BEGIN Supplied records

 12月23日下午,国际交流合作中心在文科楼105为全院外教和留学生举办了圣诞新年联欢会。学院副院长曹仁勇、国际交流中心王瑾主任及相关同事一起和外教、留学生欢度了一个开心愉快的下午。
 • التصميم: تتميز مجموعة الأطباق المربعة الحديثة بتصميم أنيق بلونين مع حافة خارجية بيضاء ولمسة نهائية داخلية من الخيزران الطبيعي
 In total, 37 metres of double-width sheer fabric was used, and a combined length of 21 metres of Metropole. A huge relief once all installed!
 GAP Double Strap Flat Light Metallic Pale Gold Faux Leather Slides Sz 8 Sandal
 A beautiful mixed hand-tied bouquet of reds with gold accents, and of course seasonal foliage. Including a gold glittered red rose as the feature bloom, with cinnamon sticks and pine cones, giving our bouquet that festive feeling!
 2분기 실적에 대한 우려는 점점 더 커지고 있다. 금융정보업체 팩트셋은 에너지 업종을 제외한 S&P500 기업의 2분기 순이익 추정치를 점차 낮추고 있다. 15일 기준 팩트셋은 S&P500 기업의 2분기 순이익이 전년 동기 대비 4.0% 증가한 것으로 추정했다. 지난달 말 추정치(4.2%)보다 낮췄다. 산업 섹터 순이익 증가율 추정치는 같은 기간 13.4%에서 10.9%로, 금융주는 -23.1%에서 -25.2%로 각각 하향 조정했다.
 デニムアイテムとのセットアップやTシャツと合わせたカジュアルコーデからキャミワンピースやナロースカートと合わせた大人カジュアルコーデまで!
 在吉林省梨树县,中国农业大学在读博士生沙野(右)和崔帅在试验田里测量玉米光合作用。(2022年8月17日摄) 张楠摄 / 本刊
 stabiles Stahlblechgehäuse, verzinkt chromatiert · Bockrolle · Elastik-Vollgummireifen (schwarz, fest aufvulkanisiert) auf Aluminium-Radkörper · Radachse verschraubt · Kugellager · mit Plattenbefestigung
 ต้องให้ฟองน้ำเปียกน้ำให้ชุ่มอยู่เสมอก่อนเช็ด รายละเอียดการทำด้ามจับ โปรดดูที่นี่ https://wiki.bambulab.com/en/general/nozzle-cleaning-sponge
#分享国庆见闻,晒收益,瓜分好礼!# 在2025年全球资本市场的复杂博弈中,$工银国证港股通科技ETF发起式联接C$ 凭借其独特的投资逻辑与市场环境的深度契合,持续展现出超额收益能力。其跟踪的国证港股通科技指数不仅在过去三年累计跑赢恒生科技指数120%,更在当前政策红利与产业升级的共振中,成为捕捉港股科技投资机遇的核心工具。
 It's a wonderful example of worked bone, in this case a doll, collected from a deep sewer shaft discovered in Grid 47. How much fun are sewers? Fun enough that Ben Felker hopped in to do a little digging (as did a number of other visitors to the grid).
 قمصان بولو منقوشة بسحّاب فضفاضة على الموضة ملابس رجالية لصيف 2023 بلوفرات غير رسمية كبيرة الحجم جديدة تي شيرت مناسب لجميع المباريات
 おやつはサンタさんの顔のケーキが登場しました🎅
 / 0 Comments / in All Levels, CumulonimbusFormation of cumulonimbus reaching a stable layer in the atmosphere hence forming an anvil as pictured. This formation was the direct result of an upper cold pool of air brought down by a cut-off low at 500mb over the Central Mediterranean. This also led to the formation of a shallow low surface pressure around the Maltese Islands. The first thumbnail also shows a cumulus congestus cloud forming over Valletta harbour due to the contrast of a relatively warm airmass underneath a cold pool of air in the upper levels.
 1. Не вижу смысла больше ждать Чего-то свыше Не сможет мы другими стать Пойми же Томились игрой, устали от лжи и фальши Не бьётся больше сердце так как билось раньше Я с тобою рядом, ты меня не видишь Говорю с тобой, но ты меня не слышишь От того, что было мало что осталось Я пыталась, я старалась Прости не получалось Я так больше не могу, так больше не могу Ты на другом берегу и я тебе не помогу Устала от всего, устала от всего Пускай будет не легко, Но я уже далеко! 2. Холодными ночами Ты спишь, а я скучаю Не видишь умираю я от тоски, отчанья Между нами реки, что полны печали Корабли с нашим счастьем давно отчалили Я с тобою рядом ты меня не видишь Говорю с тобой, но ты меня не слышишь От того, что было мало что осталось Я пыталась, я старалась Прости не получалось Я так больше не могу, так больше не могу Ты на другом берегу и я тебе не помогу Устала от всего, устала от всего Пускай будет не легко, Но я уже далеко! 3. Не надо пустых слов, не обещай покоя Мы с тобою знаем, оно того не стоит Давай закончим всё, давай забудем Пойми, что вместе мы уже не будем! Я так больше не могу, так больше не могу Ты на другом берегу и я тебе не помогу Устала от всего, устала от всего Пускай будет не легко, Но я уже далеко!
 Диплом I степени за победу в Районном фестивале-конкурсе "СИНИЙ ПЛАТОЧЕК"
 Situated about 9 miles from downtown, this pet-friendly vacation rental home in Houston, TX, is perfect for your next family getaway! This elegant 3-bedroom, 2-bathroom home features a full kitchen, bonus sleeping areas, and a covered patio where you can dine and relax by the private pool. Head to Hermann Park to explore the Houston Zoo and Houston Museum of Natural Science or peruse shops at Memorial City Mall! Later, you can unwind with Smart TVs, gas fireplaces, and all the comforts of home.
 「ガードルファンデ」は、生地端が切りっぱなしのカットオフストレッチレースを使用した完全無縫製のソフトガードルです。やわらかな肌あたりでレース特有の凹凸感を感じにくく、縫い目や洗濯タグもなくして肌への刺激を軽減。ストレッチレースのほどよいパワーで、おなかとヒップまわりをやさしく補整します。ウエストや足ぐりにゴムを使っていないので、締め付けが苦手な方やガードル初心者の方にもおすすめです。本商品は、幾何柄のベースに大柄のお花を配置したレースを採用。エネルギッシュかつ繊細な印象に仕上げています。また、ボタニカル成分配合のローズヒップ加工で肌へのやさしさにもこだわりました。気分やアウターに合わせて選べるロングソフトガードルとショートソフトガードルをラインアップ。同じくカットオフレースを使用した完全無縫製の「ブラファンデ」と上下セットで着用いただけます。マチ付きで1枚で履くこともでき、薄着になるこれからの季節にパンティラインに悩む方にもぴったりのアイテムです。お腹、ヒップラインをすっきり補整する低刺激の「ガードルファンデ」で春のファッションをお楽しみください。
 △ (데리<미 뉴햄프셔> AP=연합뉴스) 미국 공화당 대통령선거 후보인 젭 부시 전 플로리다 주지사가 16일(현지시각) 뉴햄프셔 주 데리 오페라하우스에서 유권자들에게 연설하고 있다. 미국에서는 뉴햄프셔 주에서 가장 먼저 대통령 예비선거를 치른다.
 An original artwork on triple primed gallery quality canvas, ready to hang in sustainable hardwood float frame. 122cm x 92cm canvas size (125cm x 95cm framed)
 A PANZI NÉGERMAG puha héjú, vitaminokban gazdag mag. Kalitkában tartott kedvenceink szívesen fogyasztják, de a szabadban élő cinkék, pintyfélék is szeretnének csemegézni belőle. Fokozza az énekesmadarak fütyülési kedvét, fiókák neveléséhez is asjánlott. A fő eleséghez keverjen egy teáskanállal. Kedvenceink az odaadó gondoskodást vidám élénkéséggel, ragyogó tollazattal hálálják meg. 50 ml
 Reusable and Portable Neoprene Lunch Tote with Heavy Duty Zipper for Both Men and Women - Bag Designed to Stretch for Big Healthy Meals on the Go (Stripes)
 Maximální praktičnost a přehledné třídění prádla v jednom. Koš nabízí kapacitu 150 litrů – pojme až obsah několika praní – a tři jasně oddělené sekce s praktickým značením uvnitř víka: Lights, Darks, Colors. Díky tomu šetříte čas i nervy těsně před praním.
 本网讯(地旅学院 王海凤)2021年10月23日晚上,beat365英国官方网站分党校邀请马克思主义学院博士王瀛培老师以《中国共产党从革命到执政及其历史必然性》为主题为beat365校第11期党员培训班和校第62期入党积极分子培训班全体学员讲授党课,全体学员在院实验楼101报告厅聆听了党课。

END Supplied records

• What you are asked to do: Where a line of the entries above holds the word "from", return that line.

• Problem solution:
 It's a wonderful example of worked bone, in this case a doll, collected from a deep sewer shaft discovered in Grid 47. How much fun are sewers? Fun enough that Ben Felker hopped in to do a little digging (as did a number of other visitors to the grid).
 Situated about 9 miles from downtown, this pet-friendly vacation rental home in Houston, TX, is perfect for your next family getaway! This elegant 3-bedroom, 2-bathroom home features a full kitchen, bonus sleeping areas, and a covered patio where you can dine and relax by the private pool. Head to Hermann Park to explore the Houston Zoo and Houston Museum of Natural Science or peruse shops at Memorial City Mall! Later, you can unwind with Smart TVs, gas fireplaces, and all the comforts of home.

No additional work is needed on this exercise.